/scrape_bee

NYTimes Spelling Bee scraper 🐝☠️

Primary LanguagePythonThe UnlicenseUnlicense

scrape_bee

NYTimes Spelling Bee scraper 🐝☠️

Spoiler: shows the solution!

to run the code

git clone https://github.com/philshem/scrape_bee.git
cd scrape_bee
pip3 install -r requirements
python3 scrape_bee.py

Doing this will save today's puzzle as a json to the folder 'data/'.
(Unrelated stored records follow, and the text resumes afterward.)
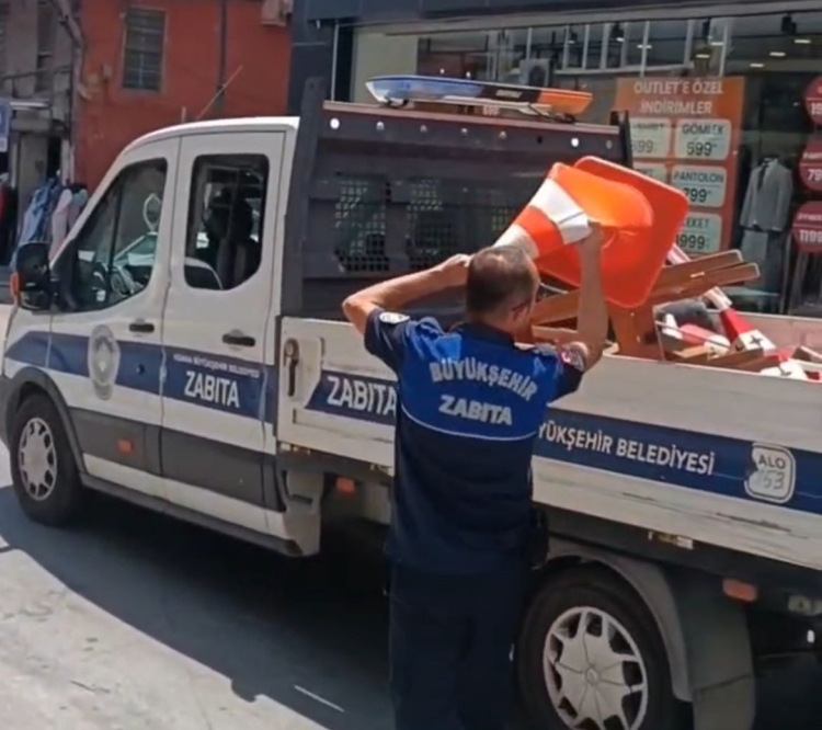 Adana Büyükşehir Belediyesi Zabıta ekipleri, Abidinpaşa Caddesi’nde kaldırımlara ve yollara bırakılan duba, reklam panoları ve malzemeleri toplayarak yayaların geçişini kolaylaştırdı.
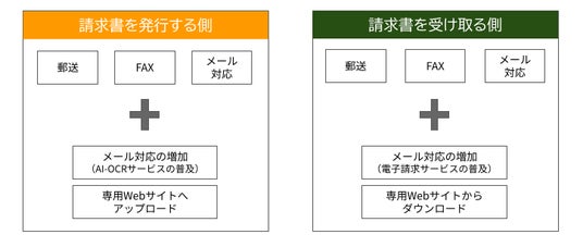 2023年のインボイス制度の施行、2024年の電子帳簿保存法の改正に伴い、請求書のデジタル化が加速する一方で、現在の市場には多様な請求書発行・受取サービスが存在しています。このような状況において、企業の経理担当者は、従来の紙でのやり取りに加え、メールでのPDF送付、専用Webサイトへのアップロード、FAXでの対応など、請求書を発行する側と受け取る側、それぞれが相手の希望する方法に合わせる必要があり、単純作業に多くの時間を費やしています。
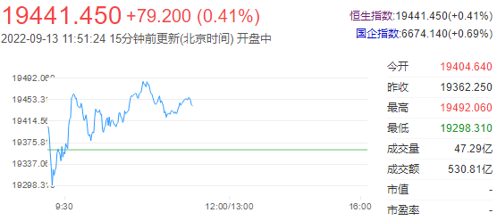 截至午间收盘,恒生指数涨0.41%,报19441.45点;国企指数涨0.69%,红筹指数涨0.56%。恒生科技指数涨0.46%,阿里涨2.39%,网易涨0.72%,小米涨0.74%。
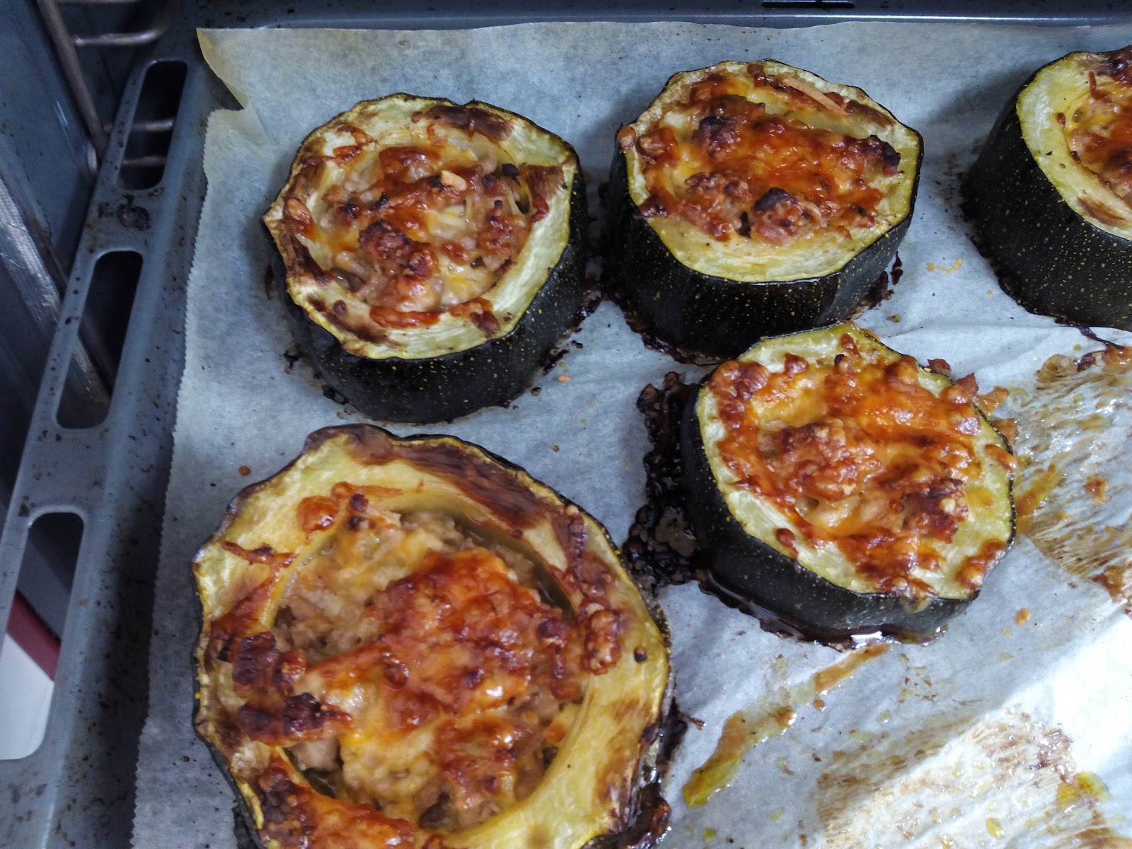 Una vez estén los calabacines casi cocidos del horno y trascurridos los 30 minutos, los rellenamos con el relleno, espolvoreamos con el queso rallado y acabamos de cocinar en el horno con el gratinador durante 10-15 minutos a 215º.

Requires BeautifulSoup and requests.


using the wayback machine (archive.org) to download old puzzles

Alternative usage is to provide a URL, for example, with the wayback machine:

echo https://web.archive.org/web/20190727114759/https://www.nytimes.com/puzzles/spelling-bee | python3 scrape_bee.py /dev/stdin

You can also use the python library waybackpack to download all URLs from the wayback machine, and then pass those urls to the scrape_bee.py script:

pip3 install waybackpack
waybackpack https://www.nytimes.com/puzzles/spelling-bee --list > urls.txt

python3 scrape_bee.py urls.txt

(Note that many of the archived URLs have no valid puzzle, or are not available due to the subscription call-to-action.)